I'm wondering what a maximum (practical) ping response time might be. As far as I know, there isn't a max defined anywhere (TTL, but that's hops, not time). As I think about it, I'm not sure I've ever seen a ping response time of more than a second or so. But as far as I know, there is nothing to stop a remote host from waiting (or being really busy) and not sending the response back for a few seconds.
As a simple data point, I just pinged a number of servers around the world and the worst time I could find was 350ms.
It's worth noting that an implementation of RFC1149 achieved this ping time:
...which is about 102 minutes. I've yet to see a longer response time.
Theoretically, the time between echo request and reply can be long. From a quick glance at RFC 1122 I don't see any formal constraints here.
Practically though, there's a threshold value after which lack of reply will be treated as no reply at all (timeout). The specific value depends on implementation:
In Windows it's 4 seconds.
With iputils implementation of ping it seems to be 10 seconds - not sure about it, as it's not stated in the man page, but the code says something like this:
Ping responses longer than that are equivalent to no responses at all. So, I think it's safe to assume this to be the practical limit.
One thing to note - I'm talking here about ICMP only. If you meant some other "ping" (for example delay between some application-specific request/response), it will probably differ completely.
The maximum desired ping response time depends on the application spread. VoIP can only handle 200ms or so (depending on Codec) but most HTTP aplications are built to handle a lot more than that. You also need to remember that the service provider (or your network admins) can implement QoS that will put ping into a lower priority bucket.
The default for Windows might be 4 seconds, but it can be longer. I know vbforums refuses ICMP traffic. Each timeout took 10 seconds.
Given the following
PC --- RTRA --- RTRb --- RTRC --- RTRd --- Server
The response time depends on transit times between each hop, assuming all links are active, all routers accept / forward ICMP, and Server accepts and responds to the ICMP.

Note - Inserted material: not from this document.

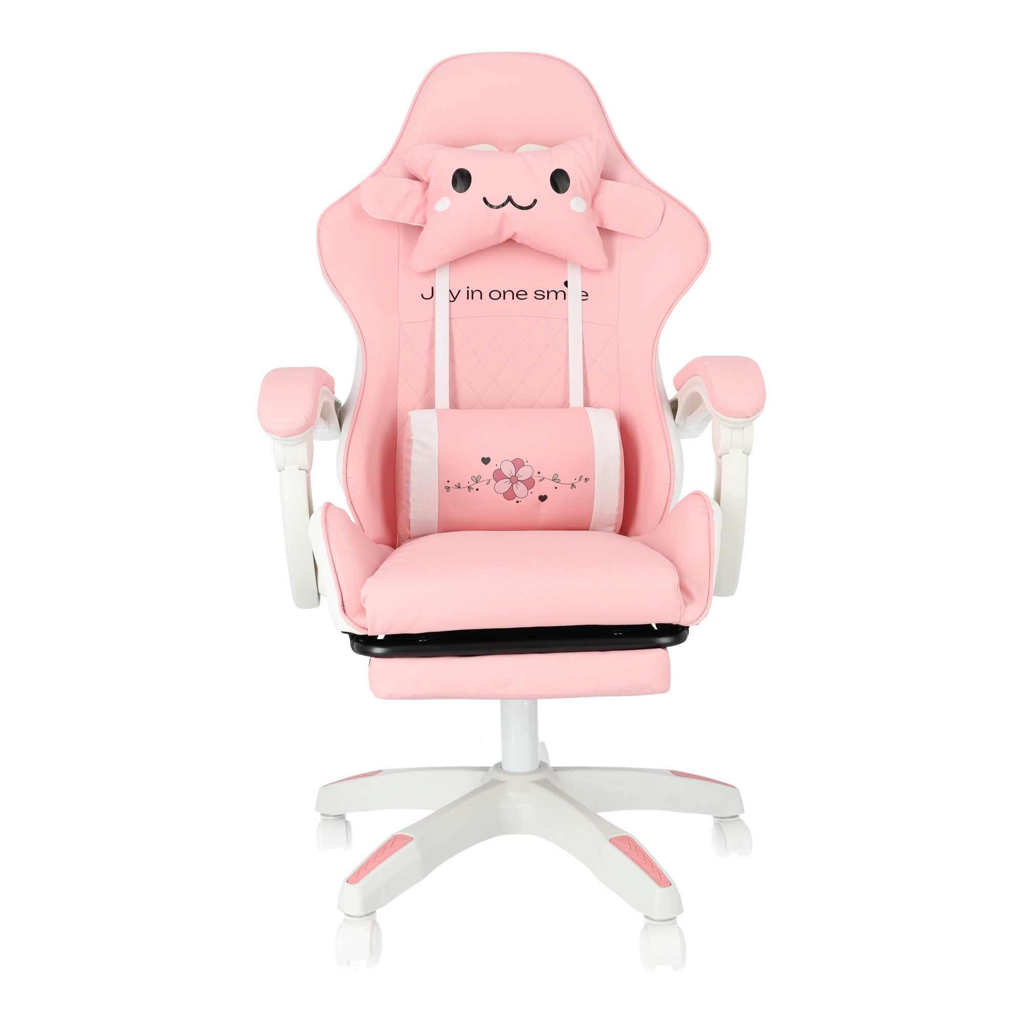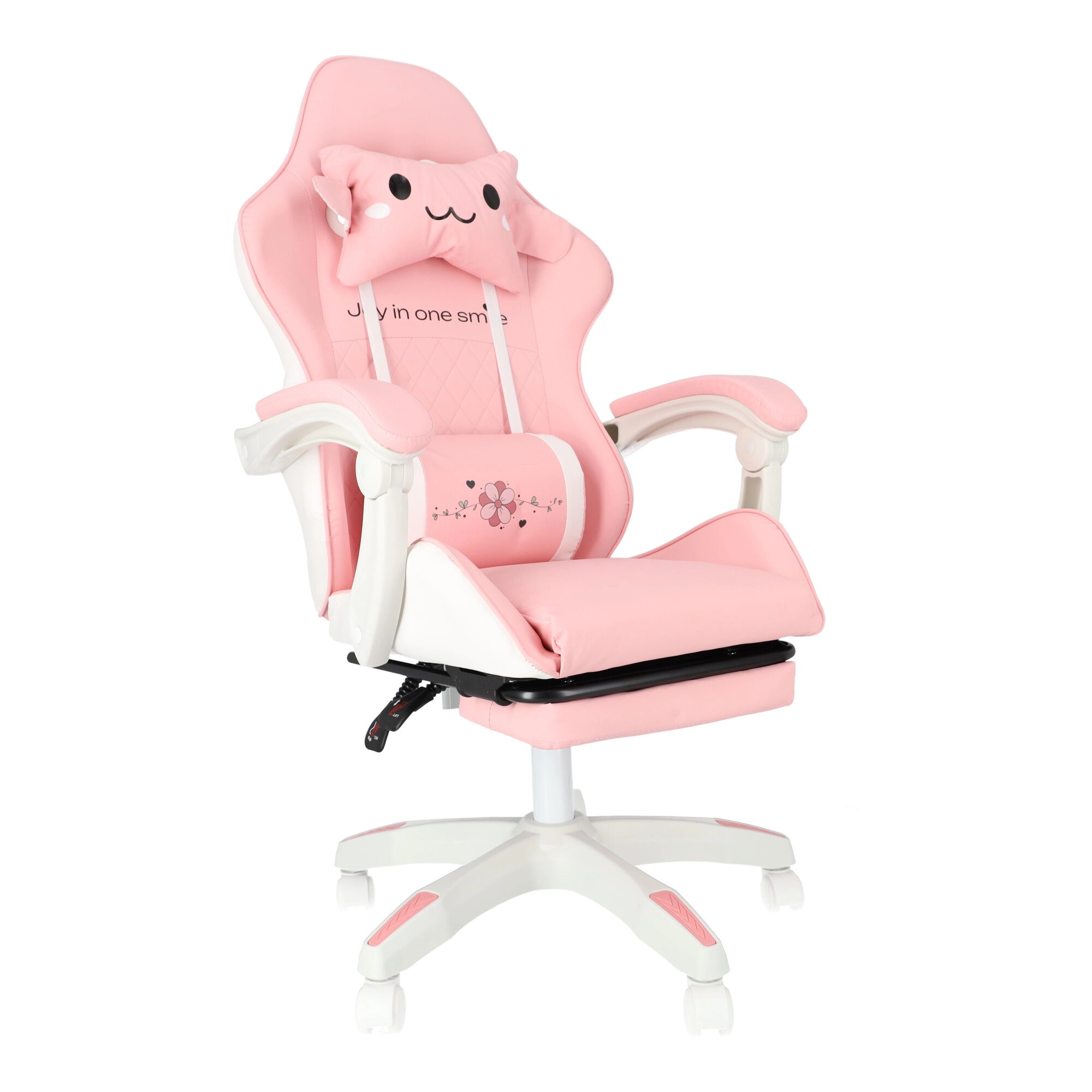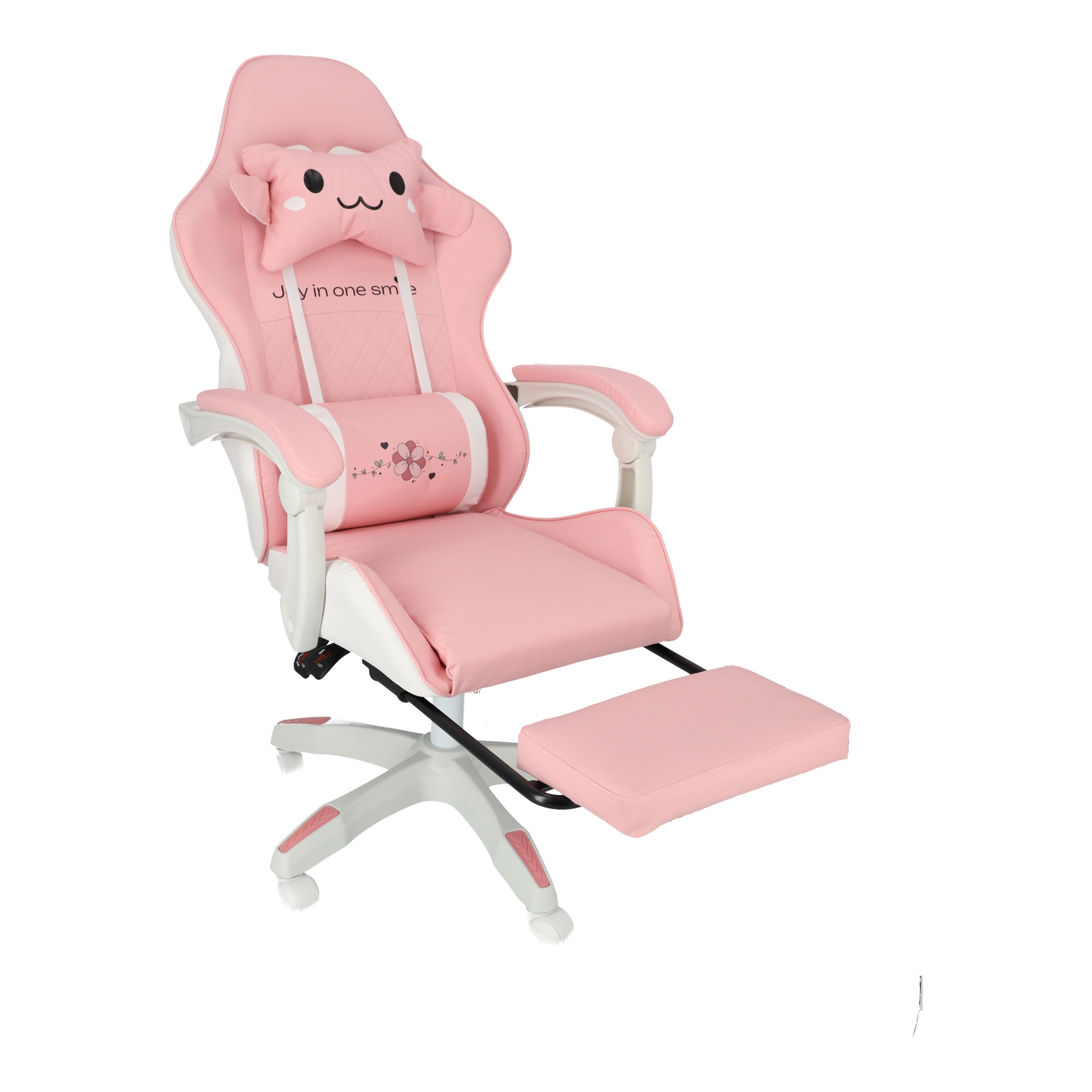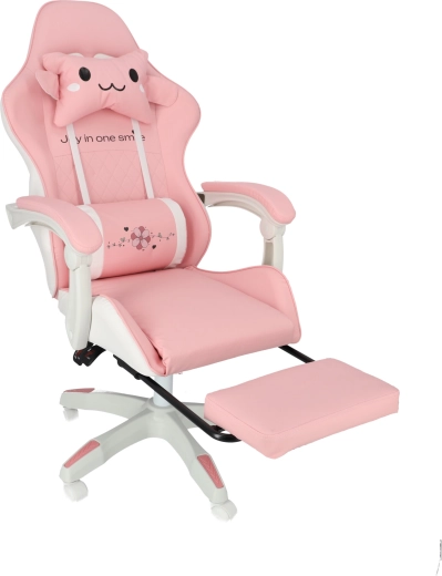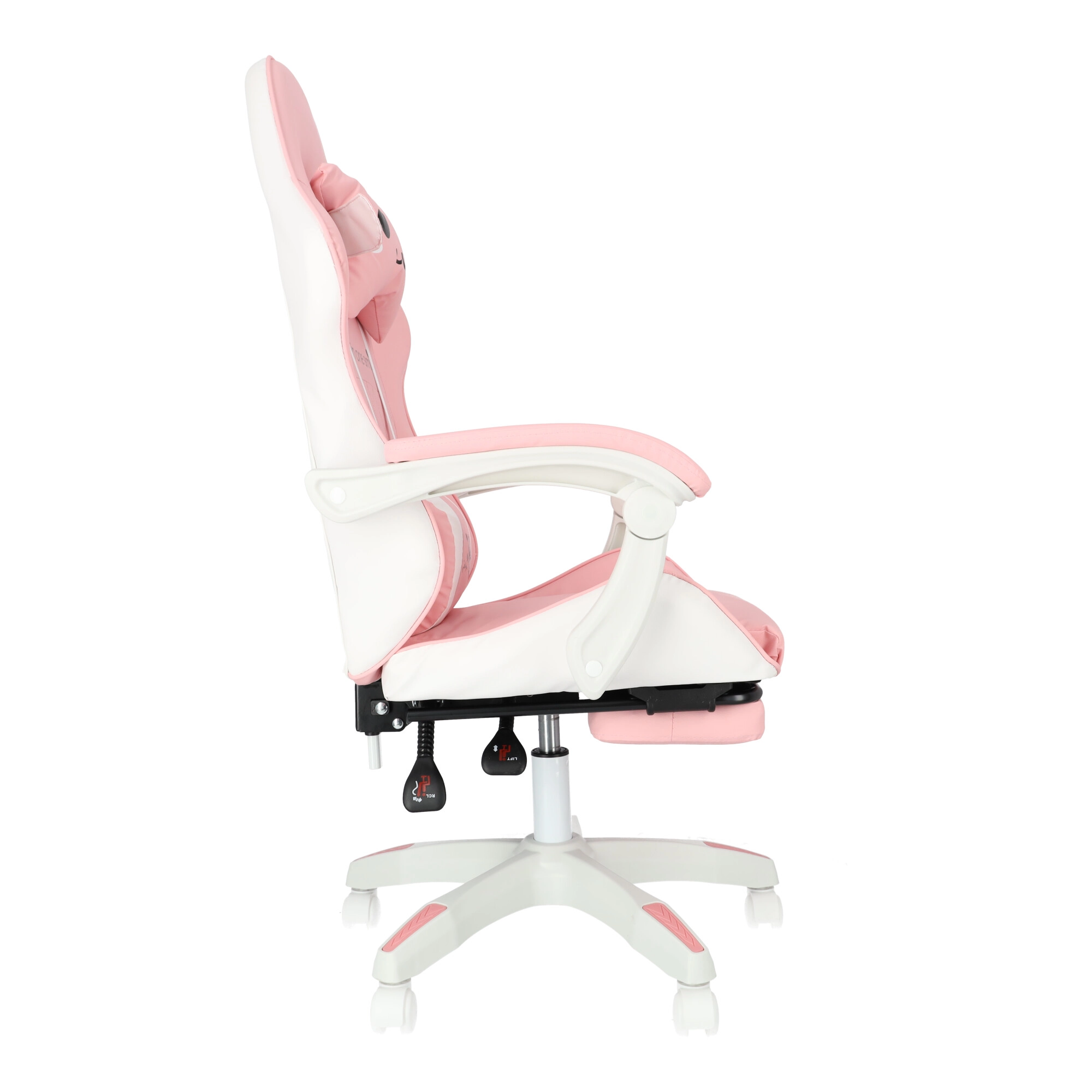 Kinder-Gamingstuhl mit ausziehbarer Fußstütze – rosa, drehbar und bequem

If Server has code that intercepts ICMP traffic, and puts it into a queue of responses to send later, the response time, theoretically, could be anything. At that point the PC sending the ping would be dependent on it's internal timeout.

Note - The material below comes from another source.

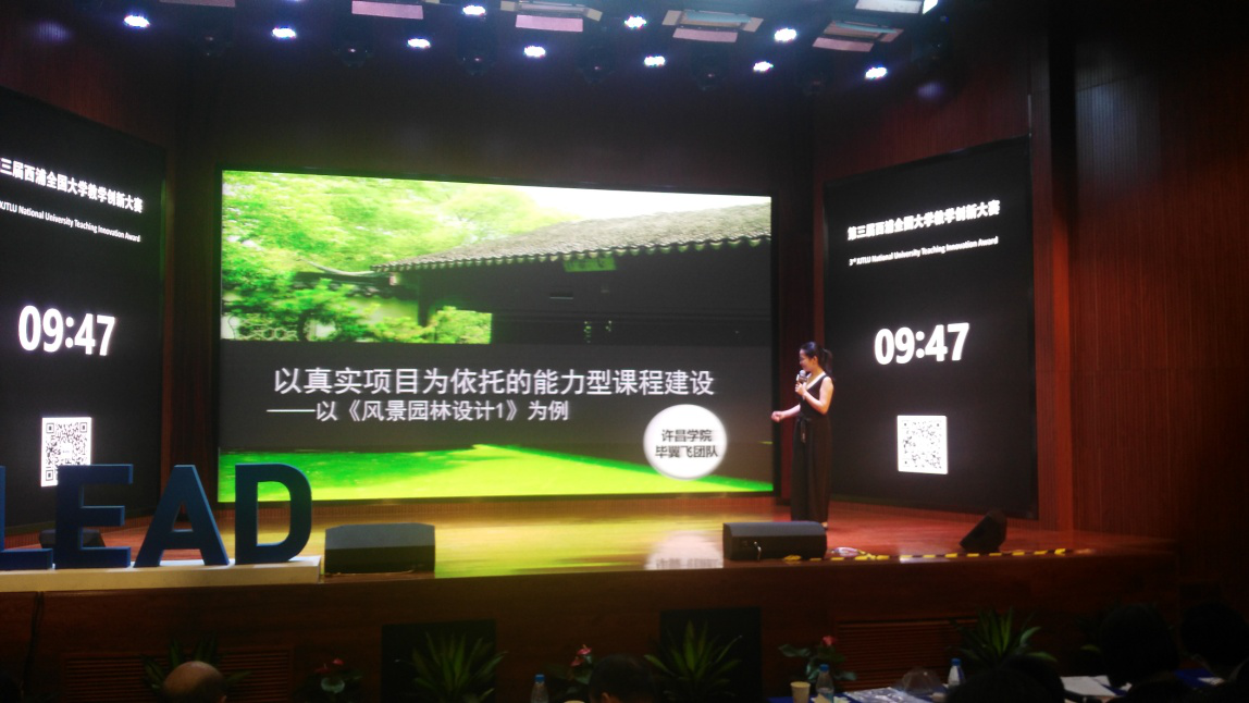 5月18日至20日,以“开展研究导向型教育,塑造学生创新创业精神”主题的第三届高等教育创新年会暨第五届慧湖高教国际化论坛在西交利物浦大学举行。论坛邀约数百位国内外大学教学管理者、教师以及产业界人士共同探讨如何通过研究导向型教育教学提升大学生创新创业能力和精神等问题。会议期间举行了第三届西浦全国大学教学创新大赛决赛及成果展示,通过激烈的角逐,永利官网城乡规划与园林学院教师毕翼飞带领的《风景园林规划与设计》课程教学团队荣获三等奖。

Overall MHO is that pings are pretty much worthless. It is akin to looking at Where is Waldo pictures for 1 ms. each and thinking you know something.
Pings are normally low priority traffic on the backbone. Successive pings, and for that matter most traffic, and associated responses may or may not take the same route. As I posted in my comment above, recreational pinging and ping-then-do is getting us all closer to the day when the ISP's look at their traffic statistics and say, "Hey, I can regain 2% (or more) of my bandwidth by shutting off ICMP".
In Linux, the
ping
command has an interval between echo-requests of 1 second. If an echo-reply is not received in that interval of time, the packet counts as loss. The knob -i of ping command can be used to increase interval time.